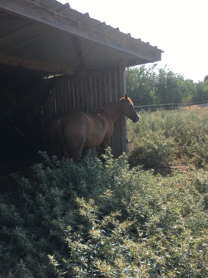 Elle est retournée la journée avec ses amis, mais entre les insectes, et les piquants du pré qui lui font des croutes (ils sont super urticants!) l'autre jour je suis arrivée le matin pour la sortir, elle a accouru en trottant
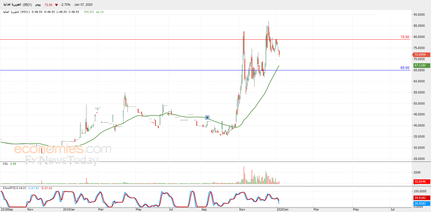 لهذا نحن نرجح عودة ارتفاع السهم خلال تداولاته القادمة، طيلة ثبات الدعم 65.00، ليستهدف مستوى المقاومة 78.90.
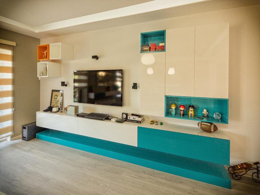 S-a optat pentru o masuta de cafea simpla, alba, ce vine in completarea raftului din perete. Livingul este delimitat vizual de zona de dining printr-un plafon fals, care este separat in cele doua incaperi. De asemenea, cele doua zone sunt luminate separat, iar diningul este marcat vizual de culoarea-accent turcoaz.
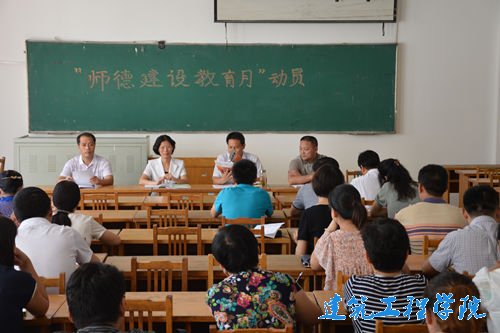 为落实公司关于师德建设教育月的文件精神,建筑工程公司于9月4日下午在12号教学楼311教室召开“师德建设教育月”动员大会。党总支书记李新红、公司经理贾致荣及公司全体教职工参加此次大会。
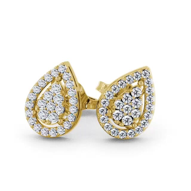 Cluster Round Diamond Pear Shape Design Earrings 18K Yellow Gold | Kinsey
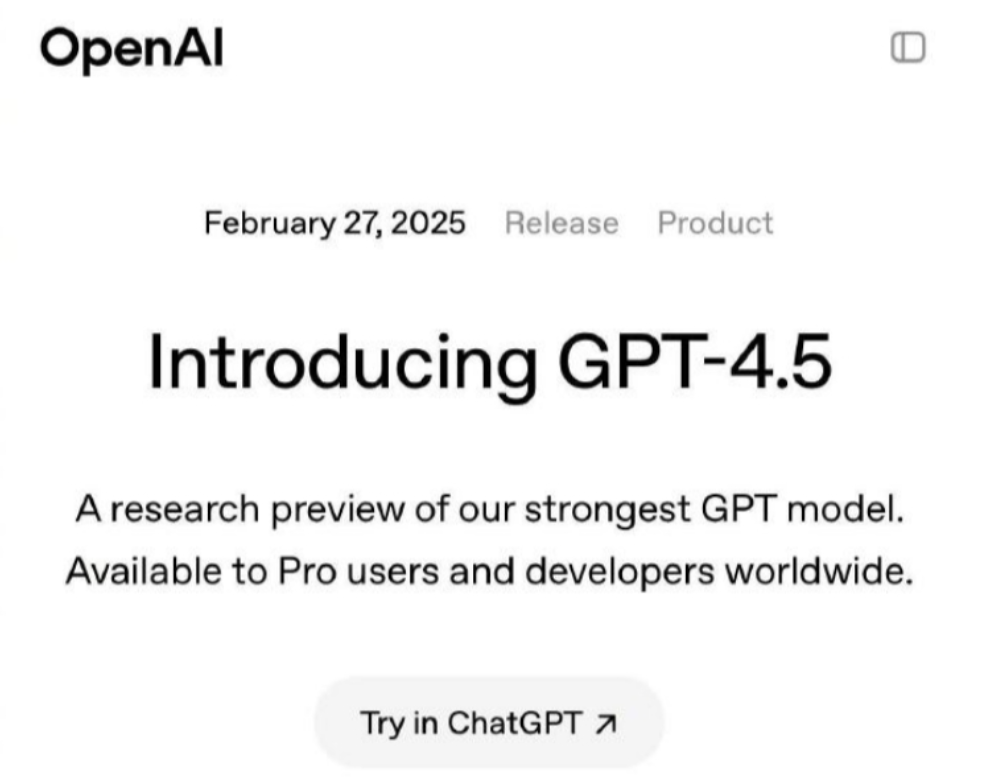 OpenAI 推出 GPT-4.5,Pro 用户抢先体验

=-=-=

## [Required action]
Restate the data word for word from its first line through the line with "لهذا نحن نرجح", leaving out any picture along the way.

## [Output]
 Elle est retournée la journée avec ses amis, mais entre les insectes, et les piquants du pré qui lui font des croutes (ils sont super urticants!) l'autre jour je suis arrivée le matin pour la sortir, elle a accouru en trottant
 لهذا نحن نرجح عودة ارتفاع السهم خلال تداولاته القادمة، طيلة ثبات الدعم 65.00، ليستهدف مستوى المقاومة 78.90.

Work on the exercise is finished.